The Financial Agency, which was launched Saturday in a major move to integrate the operating and planning roles of financial policymaking bodies, started actual operations on Monday. The new financial-watchdog body combines the Financial Supervisory Agency and the Finance Ministry’s Financial Planning Bureau, drawing a line between financial and fiscal-policy functions. This effectively limits the Finance Ministry’s powers to tax and spending policies.

The new agency, a part of the comprehensive government reorganization that will take full-scale effect next January, faces tough challenges. Its main task is to stabilize the financial system and make it internationally competitive through stepped-up liquidation of nonperforming loans held by banks and other financial institutions. That is an essential condition for the sustainable recovery of the Japanese economy.

At the same time, there are concerns about how it will perform. Chief among these is the worry that it may abuse its comprehensive regulatory powers — a worry that was very much evident in the past when the Finance Ministry maintained a broad grip on the private financial sector. Another is over possible political intervention in, or pressure on, the agency’s process of drafting financial rules and regulations. Keeping a safe distance from political influences is essential to securing transparency in the conduct of financial policy.

Banks’ bad-debt woes are likely to continue for some time, although the feared financial panic has been averted, thanks mainly to a massive infusion of public money into capital-short banks. Despite significant reduction of the debt overhang, however, it remains a big obstacle to banking revival.

The 16 leading banks that closed their books at the end of March had cleared some 4.6 trillion yen in bad loans, or three times as much as planned. Continuously falling land prices, diminishing collateral values and debtors’ falling profits — all these forced the banks to jack up their loan-loss provisions. But they still have nearly 18 trillion yen in noncollectible loans. Including similar loans held by regional banks, the total amount of bad debts is still estimated at more than 27 trillion yen.

In the year to March 2000, the 16 banks produced about 3 trillion yen in net profits from their lending operations. That figure, however, is dwarfed by their combined bad-debt burden. It is hard to believe that debt disposal is “over the hump,” as the banks say it is. They still have a long way to go before the debt problem is fixed once and for all.
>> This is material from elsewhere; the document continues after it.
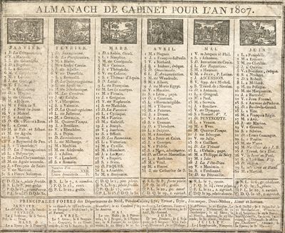Almanach de Cabinet pour l’an 1807, du fonds patrimonial numérisé. Il donne aussi les dates des principales foires du département pour celui de 1807, qui compte encore les départements annexés par la France lors de la Révolution et du Premier Empire (1792 - 1815) : Deux-Nèthes, Dyle, Escaut, Forêts, Jemmapes, Lys, Meuse-Inférieure, Ourthe, Sambre-et-Meuse.

Many of their long-standing clients, such as major constructors and retailers, are in trouble and are finding it difficult, even impossible, to pay off their huge debts. In fact, a growing number of distressed borrowers are asking creditor banks to forgive some of their debts. For instance, Sogo Co., a troubled department store chain, is requesting a debt waiver in an effort to restructure.

Debt forgiveness is no panacea, however. If it is really necessary, the borrower involved must first map out a credible recovery program. The creditor bank may find it less expensive to grant a debt writeoff than to go through protracted legal proceedings. But creditor banks may also have a different motive for not wanting to follow the legal route: putting off the hard decisions by giving ailing clients temporary relief instead of seeking legal solutions, which would expose their loose lending practices.
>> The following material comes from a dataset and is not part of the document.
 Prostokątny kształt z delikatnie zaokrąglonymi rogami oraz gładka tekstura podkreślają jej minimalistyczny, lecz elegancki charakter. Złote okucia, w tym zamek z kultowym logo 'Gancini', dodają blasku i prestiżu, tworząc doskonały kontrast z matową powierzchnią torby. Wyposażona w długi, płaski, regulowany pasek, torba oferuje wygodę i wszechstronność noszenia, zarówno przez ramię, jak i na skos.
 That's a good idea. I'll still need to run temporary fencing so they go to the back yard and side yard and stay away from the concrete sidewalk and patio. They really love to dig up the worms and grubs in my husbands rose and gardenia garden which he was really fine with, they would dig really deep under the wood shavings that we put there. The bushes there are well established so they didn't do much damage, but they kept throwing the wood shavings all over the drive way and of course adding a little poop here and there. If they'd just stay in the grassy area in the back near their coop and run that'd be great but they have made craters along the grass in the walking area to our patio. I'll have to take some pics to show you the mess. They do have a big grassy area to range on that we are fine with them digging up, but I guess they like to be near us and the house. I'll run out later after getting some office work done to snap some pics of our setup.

Over the past several years, the government has injected 8 trillion yen in public funds into major banks to help bolster their capital and boost business lending. This money is also intended to encourage bank mergers. In fact, several major banks have joined forces or decided to set up holding companies. These megamergers and business tieups, however, are aimed primarily at winning the competition in the domestic market. It may be a long time yet before Japanese banks become competitive with foreign megabanks in the international market.

The Financial Agency must help Japanese banks achieve global competitiveness by reinforcing the banking system as well as by improving its inspection and oversight functions. It also must help consolidate credit associations, thereby stabilizing regional banking. Beginning in April, the regulatory authority over these community banks shifted from prefectural governments to the central government.

Finally, the Financial Agency needs to maintain strict self-discipline, not only in dealing with political parties or individual politicians but also in exercising its discretionary powers. For that, information disclosure is essential. It will enhance administrative transparency and accountability.